KPMG International’s series of global benchmarking studies have charted the evolution of tax departments since 2006. Our 2009 study showed that the tax departments that add the most value to their companies are also the ones that paid most attention to three key areas in conducting their daily activities:
  1. Improving accountability to clarify the tax department’s roles and responsibilities within the context of a company-wide, board-approved tax governance framework.
  2. Improving standardization to automate and strengthen tax processes and controls and ensure all tax compliance obligations are met efficiently and effectively.
  3. Improving connectivity between the tax department and other departments how they work together.

The new survey discusses the progress of tax departments in these three areas. The findings show that tax departments are markedly improving in the area of accountability, and are making some strides forward on standardization and efficiency. However, tax departments still seem to have much more work to do on increasing their connectivity, integration and alignment with other functions.

 

The focus on these areas makes intuitive sense.
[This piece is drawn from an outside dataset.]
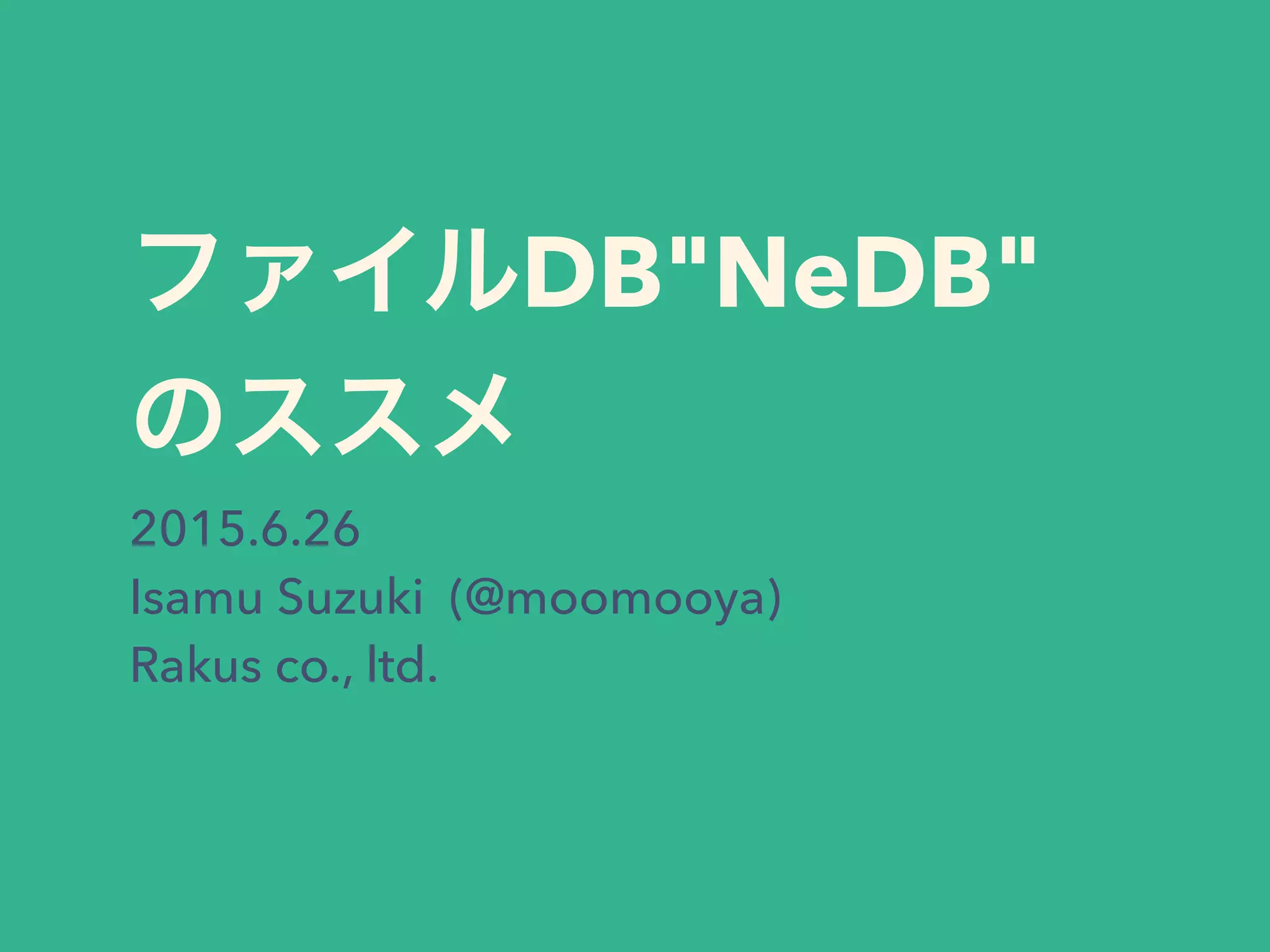 Node.jsで使えるファイルDB"NeDB"のススメ 1. 2. 鈴木 勇

Clear accountabilities can ensure that the tax department strategy is aligning with and supporting the wider company or enterprise strategy and that tax department goals and performance measures are agreed upon with key stakeholders. Standardization of processes and technology improves consistency, quality and efficiency, allowing tax teams to spend less time on compliance and more on value adding pursuits. Connectivity and participation with all parts of the company -— from boards and senior leaders to other functions such as Finance, Treasury, M&A, Marketing, IT, HR, Sales and Procurement — are key to ensuring a company’s tax affairs are well managed while boosting the tax department’s value, profile and influence.

 

The survey reveals that forward-thinking tax directors face a difficult dilemma: as tax compliance burdens and disputes continue to mount, their departments will meet greater challenges in managing these obligations while improving their performance and focusing on the more value-adding aspects of the tax department’s role.

 

Given this dilemma, this current survey shows that the lessons of our 2009 report — transforming the performance of the tax department requires getting accountability, standardization and connectivity right — are now even more important.

 

Read the full report (PDF 848 KB) for more insight and recommendations.

Some of the stats

  • 93 percent of tax departments have a strategy that aligns with their overall business strategy.
  • 77 percent of tax department strategies are board approved.
  • Over three quarters of respondents have performance measures related to reporting and/or compliance.
  • 76 percent of respondents now have a headquarters tax function.
  • 62 percent of tax departments are engaged in overall tax strategy and operational review.
  • Under 40 percent of tax departments are ‘integrally involved’ in finance function transformation initiatives.
  • One third of time is expected to be spent on effective tax rate optimization, cash tax planning, process improvement and integrating with the broader business.
  • Two thirds of tax departments are currently involved in tax controversy.
  • Over half of respondents say tax authorities have become more focused on tax and accounting processes and controls, tax strategy and risk management, and technology in the last 12 months.
  • 79 percent of respondents are satisfied with their administrative budgets.